A Walk in the Clouds


Bandelier National Monument. Home of the cliff dwellers. Destination of a teenage writers’ group. Excursion that will soon be etched into memory. It turns out that of all the national parks in the US, this is the one most like “Chutes and Ladders.” I was expecting a certain amount of hiking and sweating and altitude sickness, but what I wasn’t counting on was the near-vertical ladders that extended so far they took me back to the 1980’s.

But let me pause to paint this picture more accurately.

It’s June. 90 degrees. 6000 feet. (Now might be a good time to mention that I’m a South Carolina native.) There are twenty-three teenagers in our group who are in various states of physical fitness and awareness. Some see the big picture. Some see only twelve inches in front of them. Some climb like mountain goats. Some more like tortoises. I’m somewhere in between, so I didn’t think this would be all that difficult. A sign said we were about to climb 140 feet of ladders, and ordinarily I might have had Indiana Jones-style visions that would make my heart pound––but on this day my heart was pounding for different reasons.

Probably due to 1) the fact that no amount of jogging 100 feet above sea level can prepare you for hiking at an altitude of 6000 feet, 2) my newly discovered allergy to something in New Mexico (Cottonwood? Juniper? Dirt?) that had quickly become a sinus infection, and 3) the realization that the only way back down this sheer rock face was the same way I was going up—but backwards.
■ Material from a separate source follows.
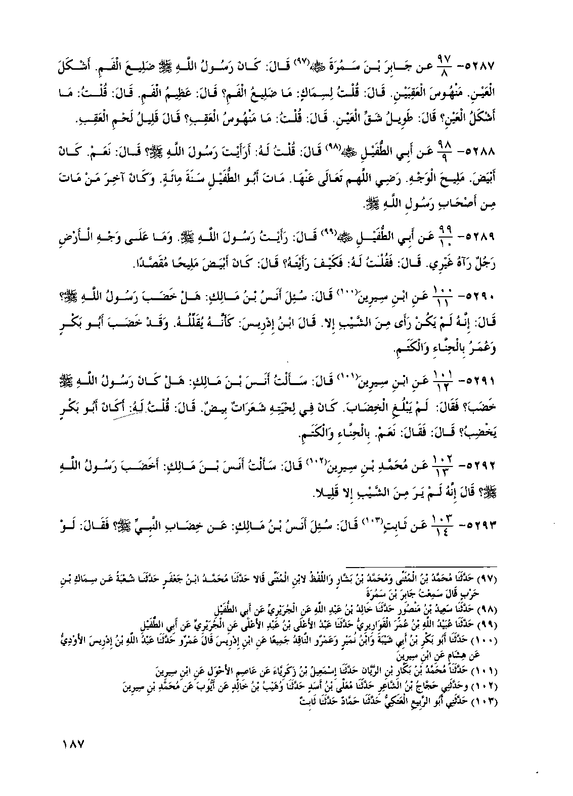 5292 - عن محمد بن سيرين قال: سألت أنس بن مالك: أخضب رسول الله صلى الله عليه وسلم؟ قال إنه لم ير من الشيب إلا قليلا.

I wouldn’t say that I’m afraid of heights, but it was easy to envision myself slipping on a rung, falling on my head onto the rock below, and taking out a couple of other tourists along the way. In my mind, it was a little like “Donkey Kong” without the barrels. And no do-overs. I hugged the rungs and went up last, sweeping the rest of the group. It seemed like an hour had passed by the time I got to the top, where the rest of our girls were exploring the cave, bouncing around like they were made of rubber, unfazed by how far they were from the rest of the earth.

I’d hoped they would move slowly up the ladders—mainly so I could move slowly and not lose face. But no dice: they were all about the destination. Journey was too old school. “Isn’t that some band from the 80’s?” they said.

You know those people that tell you not to look down? They’re right about half the time. This was one of those times.

By the time I caught my breath, the group was ready to go back down. They looked down at the crumbling boulders and scrub brush below. Way below. And then they took their time, which meant my heart got to beat at normal speed. Some of the girls were hugging the ladder just as I had on the way up, suddenly aware that sometimes the trip home is the hardest. They chose their steps carefully, their knuckles white, and one of them kept telling stories to take their minds off the sheer drop to the earth below.

Being a leader of a group like this separates you in some respects—it allows you to be an observer of everyone—the dynamics that change daily and those that haven’t changed at all since you were their age. But it also reminds you that you’re not one of them—you’re separated by years and experience, but also by something like authority. You’re friendly, but you’re not friends. You sometimes have to be the bad guy and keep them in bounds, and no matter how close your orbit, you will always be an outsider. But you are constantly watching to make sure that no one else in the group is sharing your experience—not one of them should be feeling excluded the way you are.

So I was glad to hear the girls begin cheering each other on—coaxing each other down one rung at a time, with no more worry of who got to the finish line first. Maybe the thrill of getting to the top had worn off. Maybe they were tired. But part of me thinks it was something else.

Thus far, our typical pattern was this: they scurry ahead, led by short attention spans; I follow behind, more or less like a sheepdog to see that no one gets lost, breaks an ankle, or falls into a hole. I’m a fixture—one they wouldn’t notice was missing until it was time to drive home or eat a meal. But today, they stop at the base of the ladder, and I realize as I am backing down, that they are cheering for me, too. They are not scurrying to the next ladder, rushing towards the bottom. They are waiting for the herder. I smile to myself as they offer their words of encouragement, and it’s not as bad as I thought backing down. My heart pounds a little less, and I don’t picture myself crashing to the earth, leaving a Lauren-shaped crater like Wile E. Coyote. Their voices are close, and the earth is closer. And when they sing that Journey song that I have always hated, I laugh to myself, and feel a little less like an outsider—a feeling at 31 that I wish I’d felt when I was their age. I smile, proud that they have found this place, and that they didn’t need the herder to point them to it.